• Task prompt: Keep the images out while you retype all of the data exactly.

• Recorded data:
+++

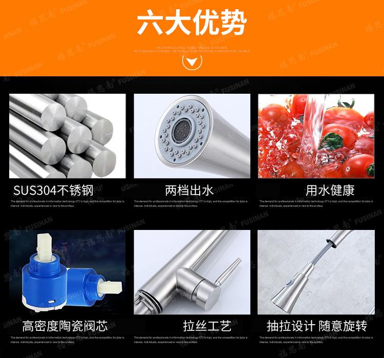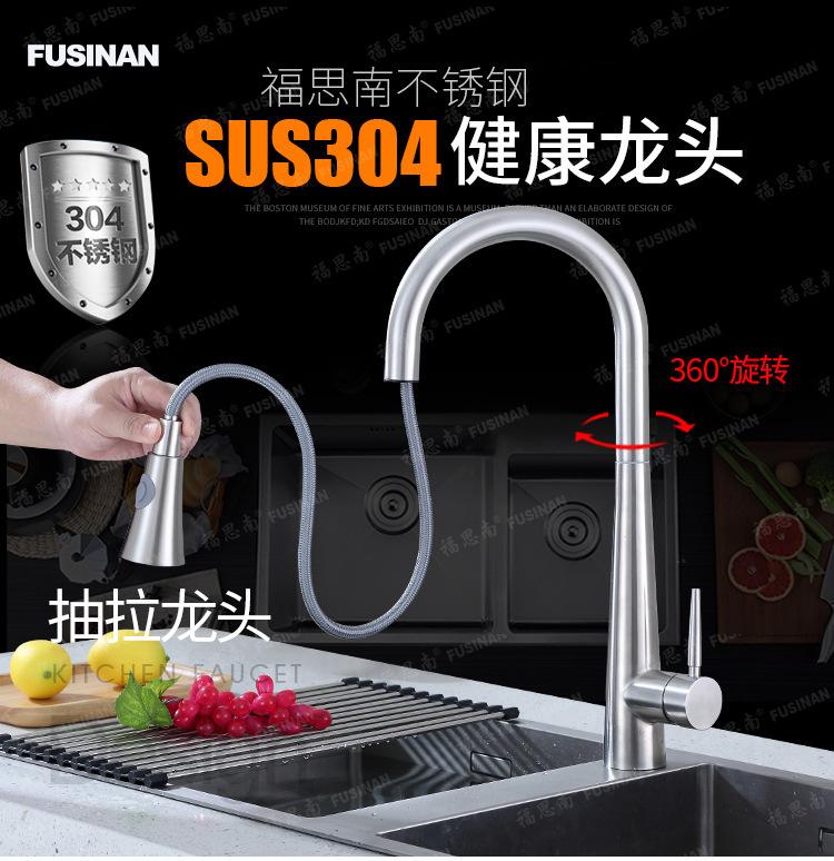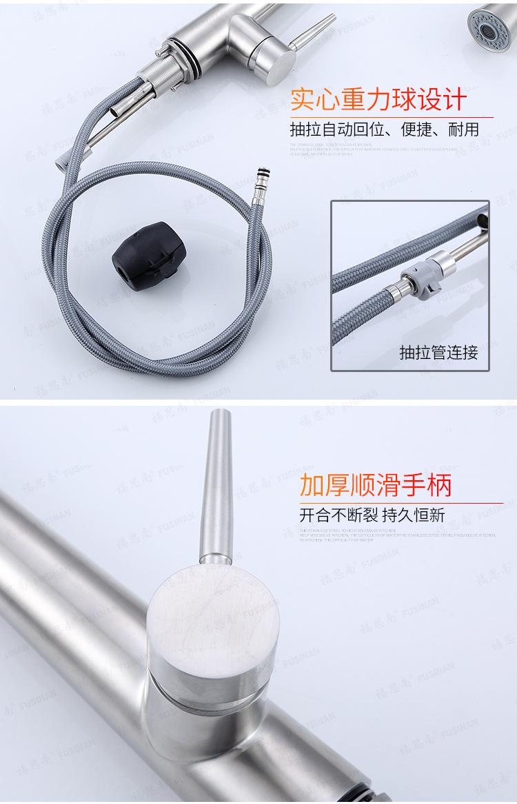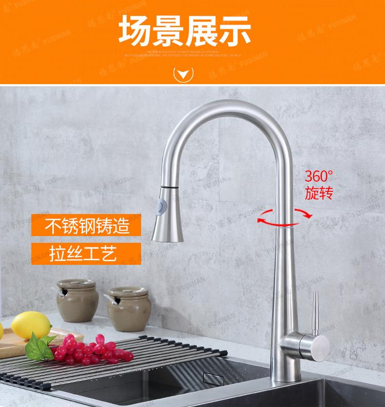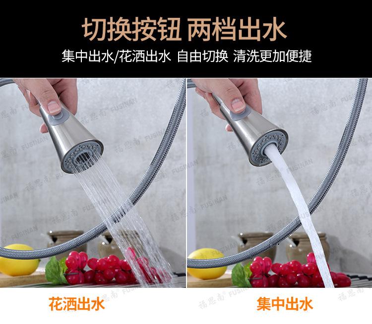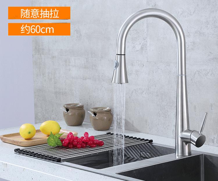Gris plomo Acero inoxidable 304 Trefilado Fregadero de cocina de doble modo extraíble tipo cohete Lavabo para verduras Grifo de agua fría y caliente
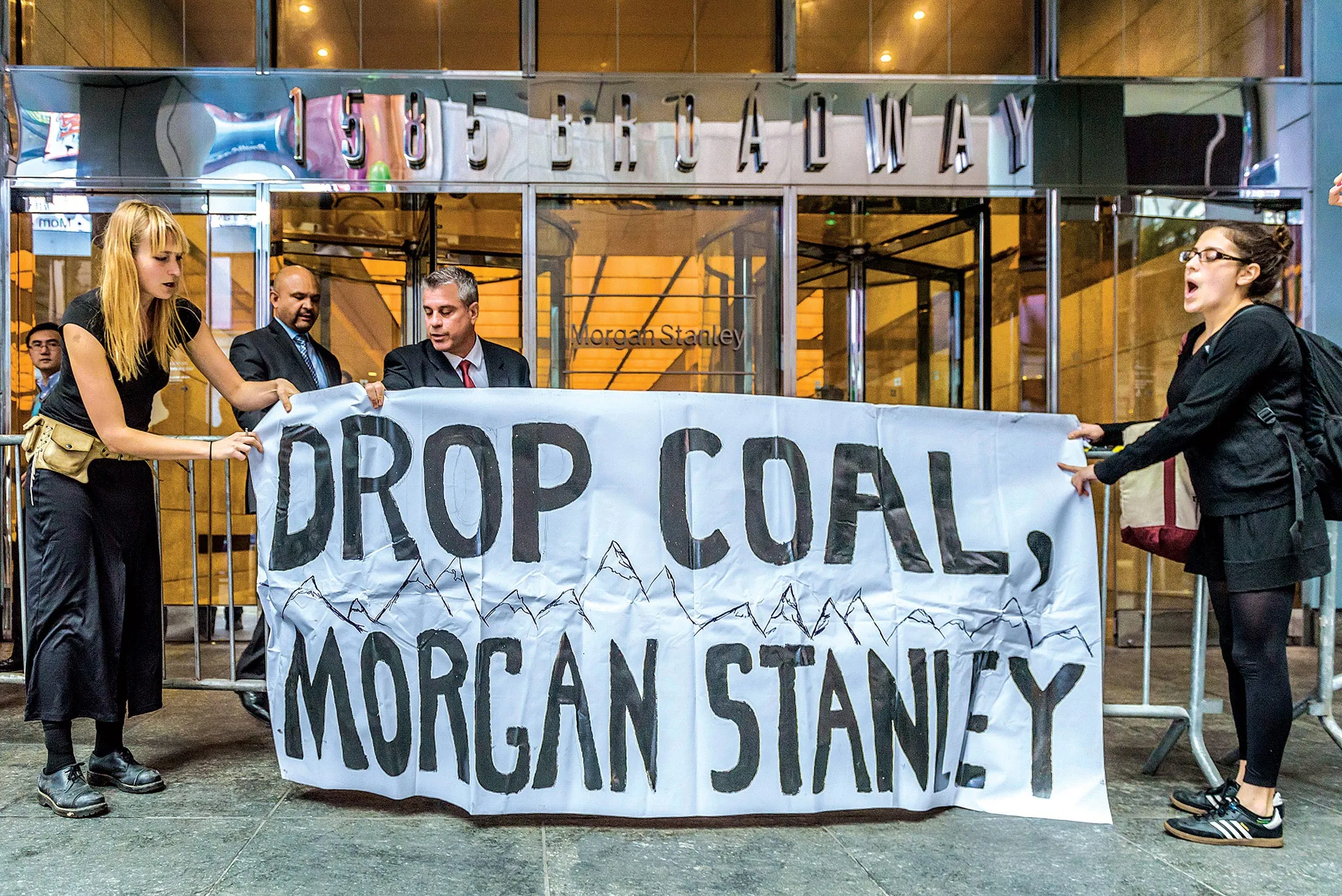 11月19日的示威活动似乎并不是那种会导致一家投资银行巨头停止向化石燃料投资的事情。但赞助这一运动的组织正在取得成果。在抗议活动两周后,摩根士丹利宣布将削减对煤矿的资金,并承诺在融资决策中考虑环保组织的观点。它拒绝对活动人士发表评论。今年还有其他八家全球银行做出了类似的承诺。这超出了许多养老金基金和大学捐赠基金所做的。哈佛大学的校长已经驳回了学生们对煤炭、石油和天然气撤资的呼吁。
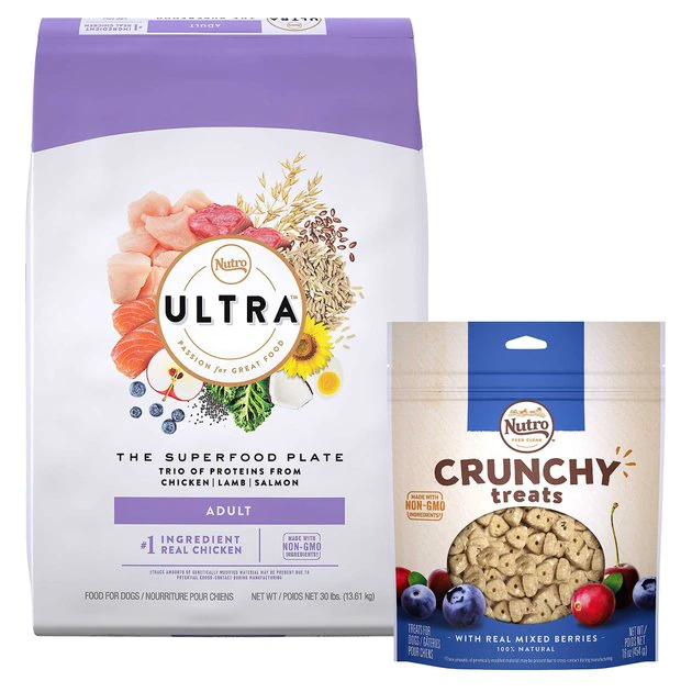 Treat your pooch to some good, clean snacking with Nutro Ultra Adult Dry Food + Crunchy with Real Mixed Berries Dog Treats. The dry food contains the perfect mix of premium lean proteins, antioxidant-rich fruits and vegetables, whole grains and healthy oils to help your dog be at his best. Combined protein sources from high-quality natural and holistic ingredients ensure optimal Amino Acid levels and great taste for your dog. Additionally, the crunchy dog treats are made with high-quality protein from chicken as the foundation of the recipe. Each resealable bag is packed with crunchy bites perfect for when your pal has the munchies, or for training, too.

+++

• Solution to this problem:
Gris plomo Acero inoxidable 304 Trefilado Fregadero de cocina de doble modo extraíble tipo cohete Lavabo para verduras Grifo de agua fría y caliente
 11月19日的示威活动似乎并不是那种会导致一家投资银行巨头停止向化石燃料投资的事情。但赞助这一运动的组织正在取得成果。在抗议活动两周后,摩根士丹利宣布将削减对煤矿的资金,并承诺在融资决策中考虑环保组织的观点。它拒绝对活动人士发表评论。今年还有其他八家全球银行做出了类似的承诺。这超出了许多养老金基金和大学捐赠基金所做的。哈佛大学的校长已经驳回了学生们对煤炭、石油和天然气撤资的呼吁。
 Treat your pooch to some good, clean snacking with Nutro Ultra Adult Dry Food + Crunchy with Real Mixed Berries Dog Treats. The dry food contains the perfect mix of premium lean proteins, antioxidant-rich fruits and vegetables, whole grains and healthy oils to help your dog be at his best. Combined protein sources from high-quality natural and holistic ingredients ensure optimal Amino Acid levels and great taste for your dog. Additionally, the crunchy dog treats are made with high-quality protein from chicken as the foundation of the recipe. Each resealable bag is packed with crunchy bites perfect for when your pal has the munchies, or for training, too.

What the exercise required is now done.